TAN KOON TATT, NORHAMIDI MUHAMAD*, ANDANASTUTI MUCHTAR, ABU BAKAR SULONG

& NEO MING CHERNG

ABSTRACT

Metallic foams are a new class of materials that have a great potential to be used in various functional and structural applications. Due to their competitive price compared to aluminium, metallic foams are anticipated to become an alternative material for light-weight structures. In this study, stainless steel foams are fabricated using a powder space holder method. The materials used include stainless steel powder, a novel space holder glycine and binders consisting of palm stearin and of polyethylene (PE). The stainless steel foams are sintered at 1100oC, 1200oC and 1300oC with sintering times of 1, 2 and 3 h, respectively, to investigate the effects of the sintering parameters on the compressive yield strength of the stainless steel foams. The results showed that all of the stainless steel foams produced exhibit the general behaviours of metal foams. The sintering time is the most significant parameter that influences the compressive yield strength of stainless steel foams. Increasing the sintering temperature and sintering time will increase the compressive yield strength. The interaction between the sintering temperature and sintering time is found to be not statistically significant.

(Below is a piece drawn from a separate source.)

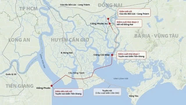 Trước khi sáp nhập, các địa phương, trong đó có TP.HCM cũng đang nghiên cứu đầu tư tuyến đường ven biển phía nam dài 941 km, đi qua 9 tỉnh, thành (cũ) gồm: Bà Rịa-Vũng Tàu, TP.HCM, Tiền Giang, Bến Tre, Trà Vinh, Sóc Trăng, Bạc Liêu, Cà Mau và Kiên Giang. Tuyến này được xác định là trục giao thông quan trọng, kết nối TP.HCM với vùng ĐBSCL. Với riêng TP.HCM, Sở Xây dựng đã xác định tuyến đường ven biển bắt đầu từ QL50 (Đồng Tháp), băng qua sông Soài Rạp để vào Cần Giờ (TP.HCM), kết nối với cảng trung chuyển quốc tế Cần Giờ, cảng Phước An và kéo dài đến cao tốc Bến Lức - Long Thành (Đồng Nai). Các địa phương đang nghiên cứu các phương án khả thi, trong đó có phương án giai đoạn 1 đầu tư tuyến chính cùng đường kết nối với đường ven biển Bà Rịa-Vũng Tàu qua cầu vượt biển Cần Giờ và phương án đầu tư tuyến chính cùng đường vào cảng Cái Mép trong giai đoạn 1.

Keywords: ANOVA; compressive strength; metal foams; space holder

ABSTRAK

Logam berbusa merupakan kelas bahan terbaru yang mempunyai potensi yang besar untuk digunakan dalam pelbagai aplikasi fungsi dan struktur. Disebabkan harganya yang kompetitif berbanding dengan aluminium, logam berbusa dijangka menjadi bahan alternatif untuk struktur berat-ringan. Dalam kajian ini, keluli tahan karat berbusa difabrikasi menerusi kaedah pemegang pengisi ruang. Bahan yang digunakan termasuklah serbuk keluli tahan karat, pemegang pengisi ruang terbaru, glisina dan bahan pengikat yang terdiri daripada stearin sawit dan polietilena (PE). Keluli tahan karat berbusa disinter pada suhu 1100oC, 1200oC dan 1300oC dengan masa pensinteran masing-masing 1, 2 dan 3 jam untuk mengkaji kesan parameter pensinteran terhadap kekuatan mampatan keluli tahan karat berbusa. Keputusan kajian menunjukkan bahawa semua keluli tahan karat berbusa yang dihasilkan menunjukkan perilaku umum logam berbusa. Masa pensinteran merupakan parameter yang paling signifikan mempengaruhi kekuatan mampatan keluli tahan karat berbusa. Peningkatan suhu dan masa pensinteran akan meningkatkan kekuatan mampatan. Interaksi antara suhu pensinteran dan masa pensinteran didapati tidak ketara.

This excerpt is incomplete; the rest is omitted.